JAKARTA, CEKLISSATU - Diduga terbukti melakukan kejahatan perang saat di Afghanistan, seorang mantan tentara SAS Australia ditangkap atas dakwaan pembunuhan.


Pria berusia 41 tahun itu ditahan pada Senin di New South Wales (NSW). Diperkirakan akan didakwa dengan satu dakwaan "kejahatan perang - pembunuhan" dan akan diadili pada Senin malam, kata Polisi Federal Australia.


Pelanggaran tersebut membawa hukuman maksimal seumur hidup di penjara.


Pria yang ditangkap belum secara resmi diidentifikasi oleh pihak berwenang. Perusahaan Penyiaran Australia (ABC) mengatakan dia adalah orang yang disebut sebagai Prajurit C dalam film dokumenter ABC Four Corners tahun 2020 yang mengungkap dugaan kejahatan perang.


Rekaman menunjukkan Tentara C menembak seorang pria Afghanistan di ladang gandum di Provinsi Uruzgan di Afghanistan selatan pada tahun 2012.

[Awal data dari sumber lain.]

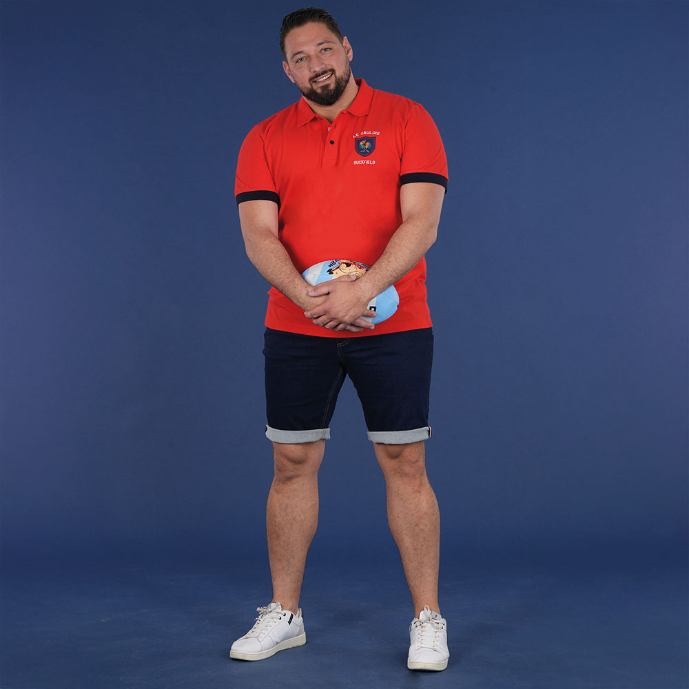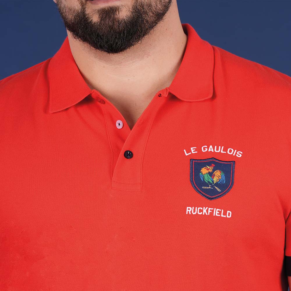 Ce polo à manches courtes se distingue par son rouge éclatant et ses finitions contrastées bleu marine au niveau des manches. Dans le dos, il arbore fièrement un grand coq multicolore accompagné des inscriptions « LE GAULOIS ». Sa coupe droite et sa matière en coton piqué assurent confort et résistance, parfaits pour un usage quotidien comme pour afficher un style affirmé aux couleurs du rugby et de l’héritage gaulois.
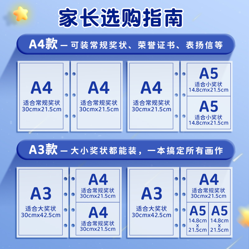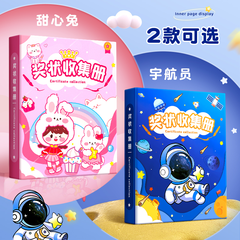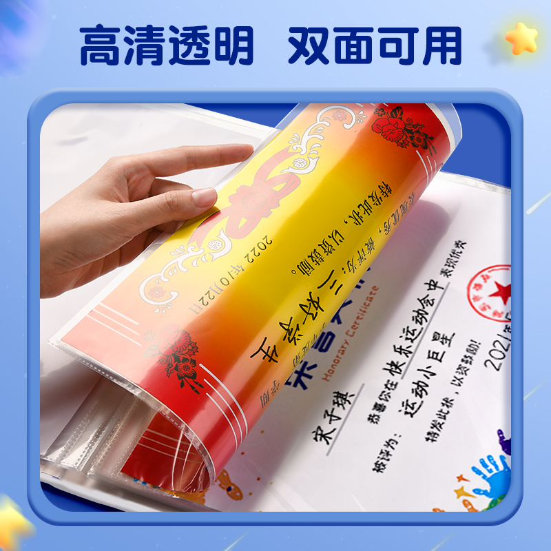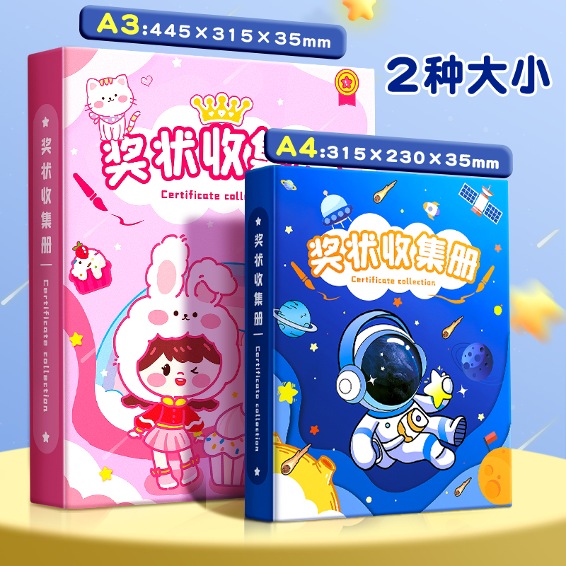 A3奖状收集册男孩女孩A4儿童画册收纳神器放装作品的册子文件夹小学生幼儿园收藏袋相册本荣誉证书可挂墙展示

Dikatakan 19 tentara atau mantan pasukan khusus harus diselidiki oleh polisi atas pembunuhan "tahanan, petani atau warga sipil" dari 2009 hingga 2013.


Investigasi dilakukan oleh Office of the Special Investigator (OSI), badan yang dibentuk untuk menyelidiki dugaan kejahatan perang setelah penyelidikan selama empat tahun yang dipimpin oleh mayor jenderal Cadangan Angkatan Darat dan hakim Mahkamah Agung NSW Paul Brereton.